Barry Sampson: 1948-2020
Barry Sampson, my former partner in the firm Baird Sampson Neuert, died on Saturday, December 5. He is survived by his partner Judi Coburn and their two sons, Benjamin and Martin.
Barry was born in 1948 in Oshawa, Ontario, and spent his childhood and youth there, arriving at the University of Toronto in 1967 to commence his education in architecture. He and his classmates started their architectural studies just as a dramatic new curriculum was launched by Peter Prangnell, under the aegis of a newly appointed Chair of Architecture, John Andrews.

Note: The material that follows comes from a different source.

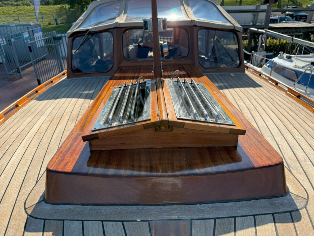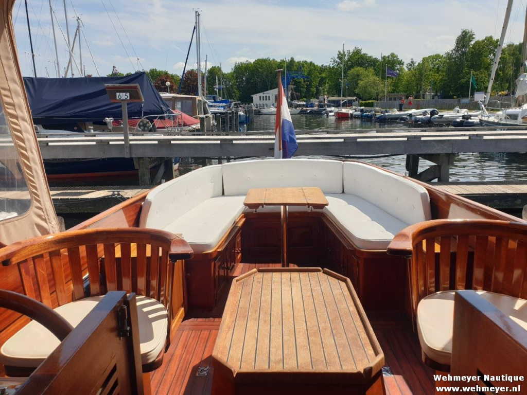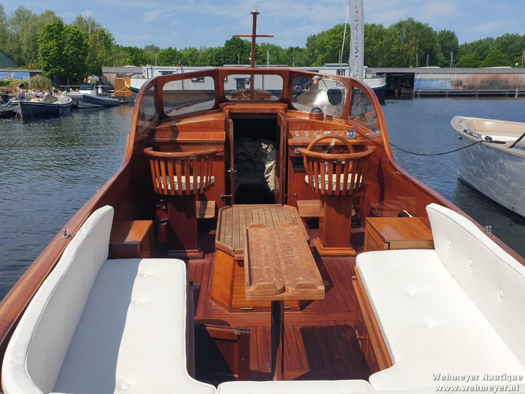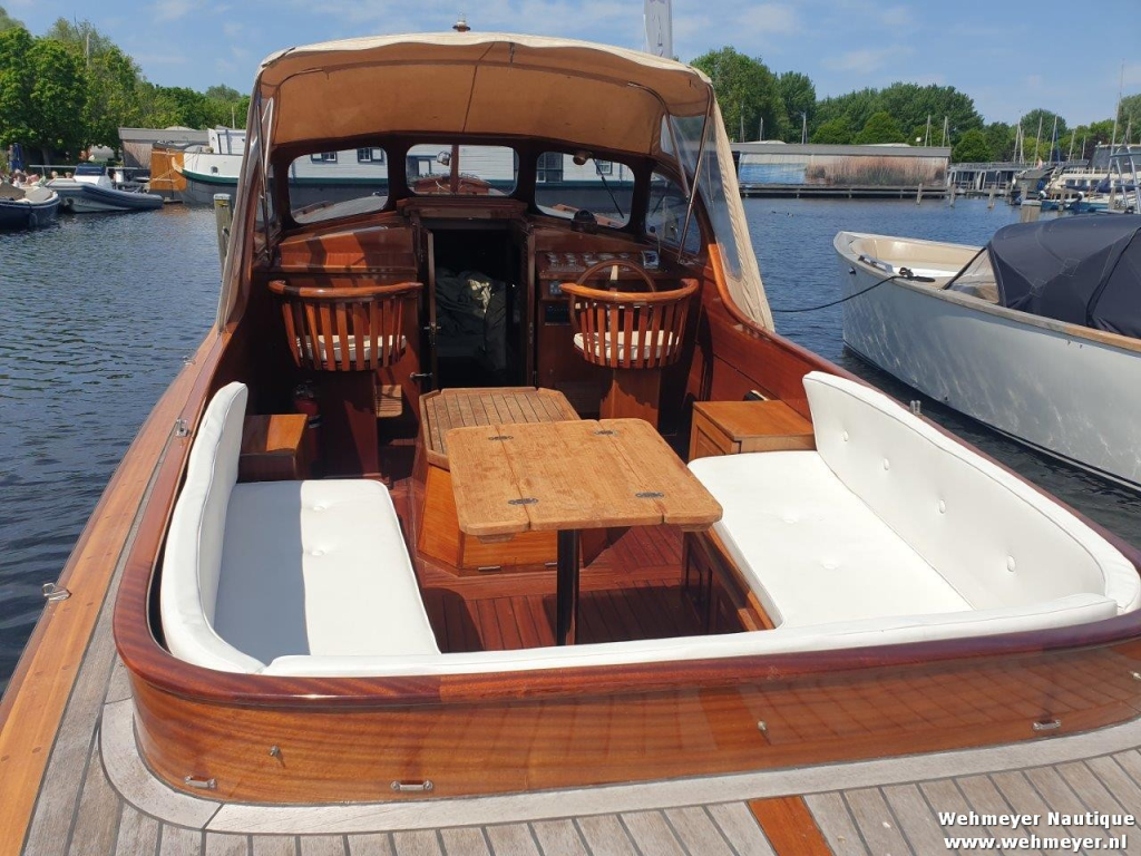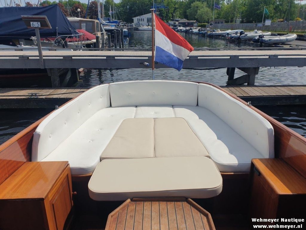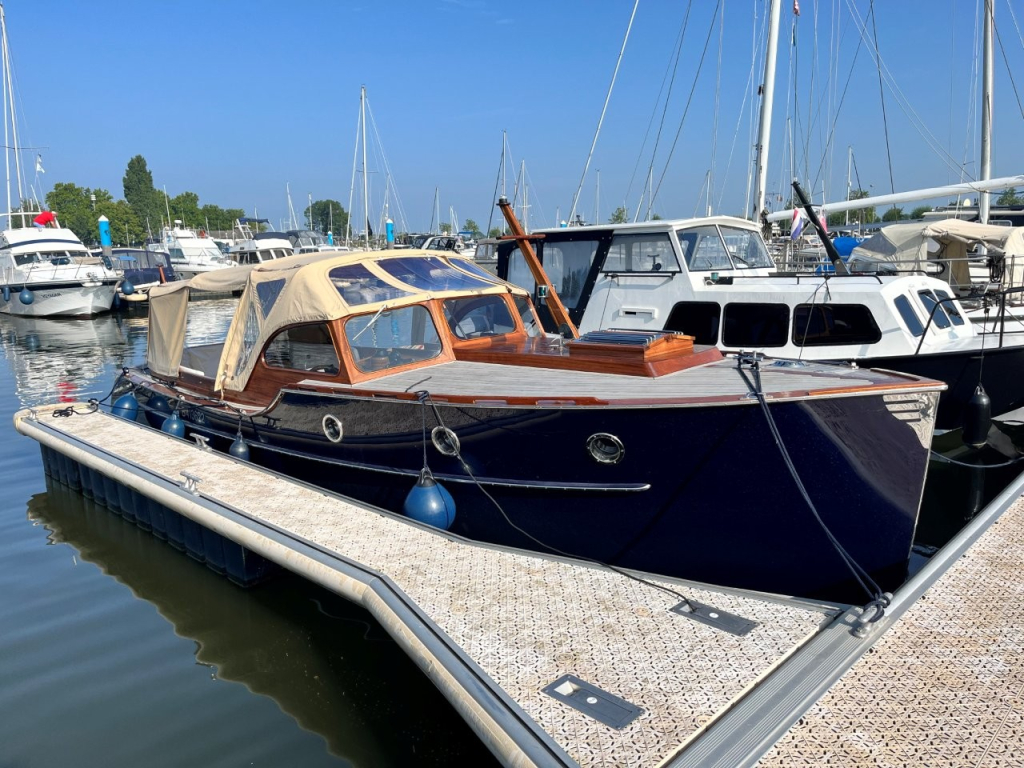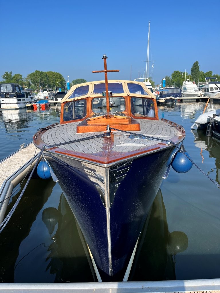 Klassiek gelijnde Rapsody 29 OCF, met nieuwe (2024) hekschroef werkt icm met de boegschroef en afstandsbediening, donkerblauwe polyester, krachtige Yanmar 125 pk motor, goed voor een snelheid tot 30 km/u. Gehele mahonie bovenbouw in 2025 kaal gehaald en professioneel opnieuw gelakt, 9 laklagen van Epifanes. Teak kuipvloer en sfeervolle mahonie betimmering binnen. Afgesloten toilet met elektrisch wc en fontein, warm- en koud stromend water, buitendouche, Webasto heteluchtverwarming en ledverlichting, binnen en navigatie (2024). Kombuis met koelkast, extra ingebouwde koelbox met compressor, rvs gootsteen en 2-pits spiritusstel. Marifoon (2025), 1200 watt omvormer, stereo en comfortabele rondzit die te transformeren is tot ruim tweepersoonsbed. Ruime kuip met nieuwe (2024) beige buiskap en kuiptent met horegaas. Wintertent. U-zit om te vormen tot zonnedek of bed. Witte antifouling (2025), motoronderhoud uitgevoerd (2025). Staat iedere winter in een loods. Meer foto's en info op onze eigen website www.wehmeyer.nl Te bezichtigen op afspraak in de verkoophaven van Wehmeyer te Naarden.

I first met Barry the following year, when I joined U of T as a new faculty member. He was never directly my student, but we knew each other at a distance. Then, upon their graduation in 1972, Barry, together with his classmates Joost Bakker, Bruce Kuwabara and John van Nostrand came to me, and proposed to me that they join my fledgling one-person architectural practice. I was taken aback at this proposal, but we found a way to make it work—at least for a period of time. After a few years, the other three left the practice for various reasons, but Barry stayed, and we worked together for the next 30 years.
In the early years of our professional relationship, Barry served as an invaluable back-up to me, in my role as principal designer at the firm. Key projects of that early period, in which he played an essential role, include the reconstruction of the Dunbarton-Fairport United Church in Pickering, Ontario, and the study we undertook for the Ontario Heritage Foundation of “Ontario’s Main Streets.” Then, in the late 1970s, he took a sabbatical from the firm, and went to work in Paris for a year, on the understanding that upon his return to Toronto, he would become my professional partner.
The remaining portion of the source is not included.